Other long-time side effects of adrenaline in the artificial form could include a sudden raise in blood glucose levels and blood pressure. In the dental arena epinephrine shots can cause systemic toxicity or tissue necrosis. Also if the clinical form of adrenaline (in other words, epinephrine shots) is taken excessively or over a long period of time, it can induce pulmonary edema (which is the abnormal amount of fluid in the air sacs of the lungs which may lead to the shortness of breath. This makes the heart being not able to pump blood sufficiently to the body since the blood is backed up in the veins making itself not able to reach the left side of the heart) and arrhythmia (this is a situation where the heart beats irregularly, it may beat slower than usual, which is called bradycardia; or faster than expected, which is called tachycardia. Most arrhythmias are harmless but some are life threatening). Another side effect of this is cerebral hemorrhage (sometimes called intracerebral hemorrhage, ICH. It occurs within the brain tissue, caused by a brain tumor or stroke. It results in bleeding into the brain tissues).

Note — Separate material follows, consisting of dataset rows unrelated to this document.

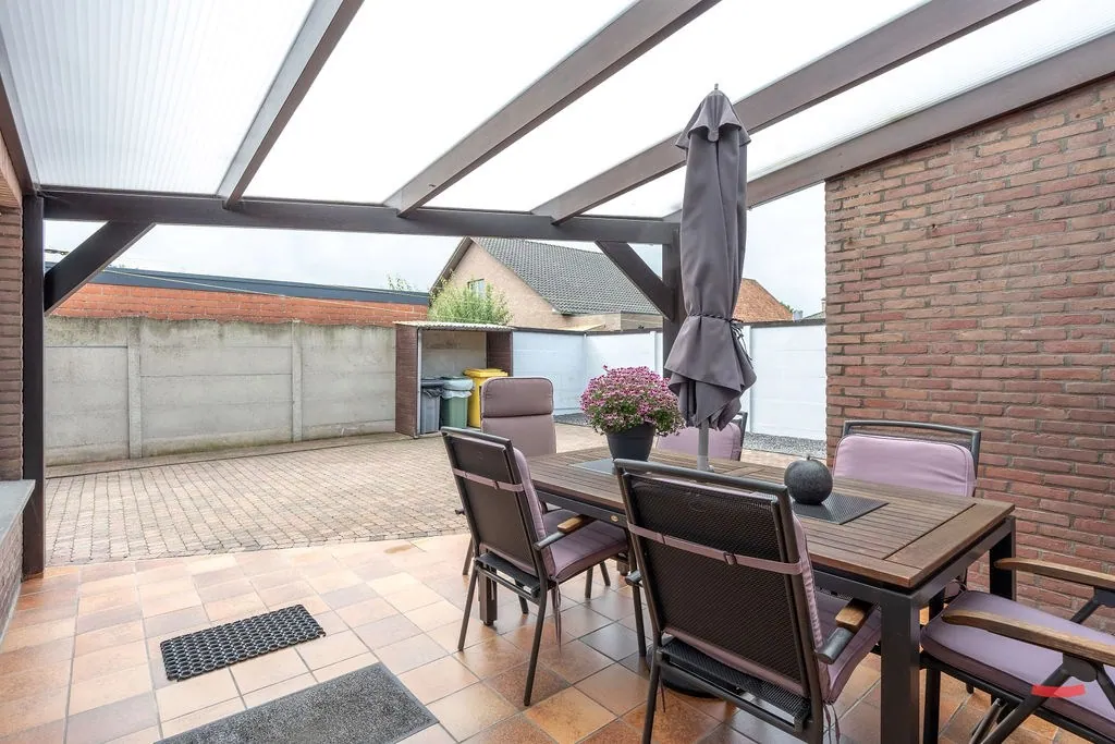 De tuin werd aan de achterzijde volledig verhard, want de bewoners houden van – je raadt het al – clean en overzichtelijk. De tuin werd teveel gedoe, dus dan maar nette tegels. Iets te veel van ’t goeie? Doe een rondje tegelwippen, en dan maak je daar in no time een fijn tuintje van. Er is een fijn overdekt terras, en een schuurtje.
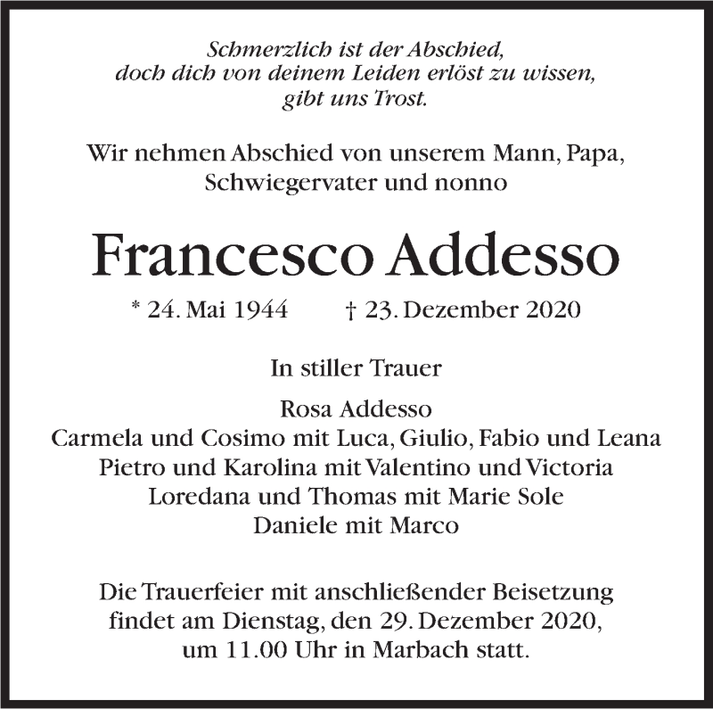 Hier finden Sie alle Traueranzeigen aus der Zeitung, die bisher für Francesco Addesso erschienen sind. Weitere Traueranzeigen, die in der Zeitung erscheinen, werden hier ebenfalls aufgelistet
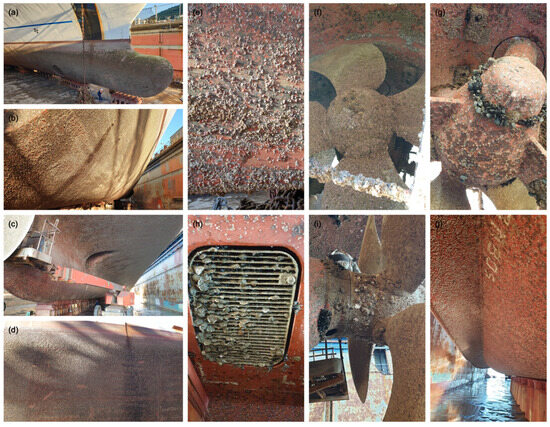 Images of the underwater hull, propeller, and thruster before cleaning at the drydock (all parts are covered with marine life): (a) bulbous bow, (b–d) underwater hull, (e) enlarged photograph of underwater hull, (f) thruster propeller seen from the front, (g) thruster propeller seen from the back, (h) sea chest grating, (i) propeller, and (j) lower hull of the bilge keel.

There are also certain post-effects after the adrenaline wears off. The events of the aftermath occur differently to different people and to varied degrees from person to person:

  • Nausea (“motion sickness”, feeling sick, queasy or uneasiness in the upper stomach and about to vomit). One could also feel exhausted, feeling as though the body is tired or fatigued. The brain also feels as though it has been overworked without any explanation. The muscles also feel as though one has been exercising and may even feel a bit sleepy;
  • Post Incident Soreness – some muscles may be achy;
  • Hypo-mania – this is the presence of the adrenaline may still be present causing a person to get the jitters, to fidget, pace about, mumble, shout or yell;
  • Horniness – this occurs in some people, mostly males, who become hypersexual when they experience dangerous situations;
  • Bad Dreams (Restless Sleep) – a person would sleep heavily due to exhaustion, while another one would have bad dreams and, therefore, not sleep well at all or have weird dreams;
  • Post Incident Resurgence – this could happen between 24 to 48 hours after the incident where a person finds themselves in the same situation they were in or the same incident seems to be occurring again, sometimes imaginative.

When adrenaline is released by the adrenal medulla (this is the inner part of the adrenal glands located above the kidneys), it enables the blood to flow easily to the muscles. More oxygen then gets carried to the muscles by the extra blood; hence, making the muscles to function more efficiently. The skeletal muscles (muscles attached to the bones by tendons) are activated by the electrical impulses from the nervous system. When stimulated, the muscles contract and, therefore, shorten and tighten. The adrenaline produced, like noradrenaline, is used as a transmitter by some nerve cells that enable it to communicate with other cells. These types of cells are called neurotransmitters. But very small amounts of adrenaline are used as neurotransmitters. Repeated adrenaline rush could lead to panic disorders or anxiety disorders that in turn could lead to the bigger problems, where a person could suffer from various phobias e.g. agoraphobia (fear attacks).

In conclusion, adrenaline that is produced naturally helps to prepare the body for action in times of heightened stressful situations. It helps the body to react in ways it never has before and never would under the normal circumstances. Adrenaline in the form of injections is used in clinically proven ways like to cure allergies and so on.  Adrenaline is sensitive to light; it should be stored below 25°C and should not be refrigerated or frozen. Adrenaline is, therefore, worth the risk in protecting animals or humans from harm or danger.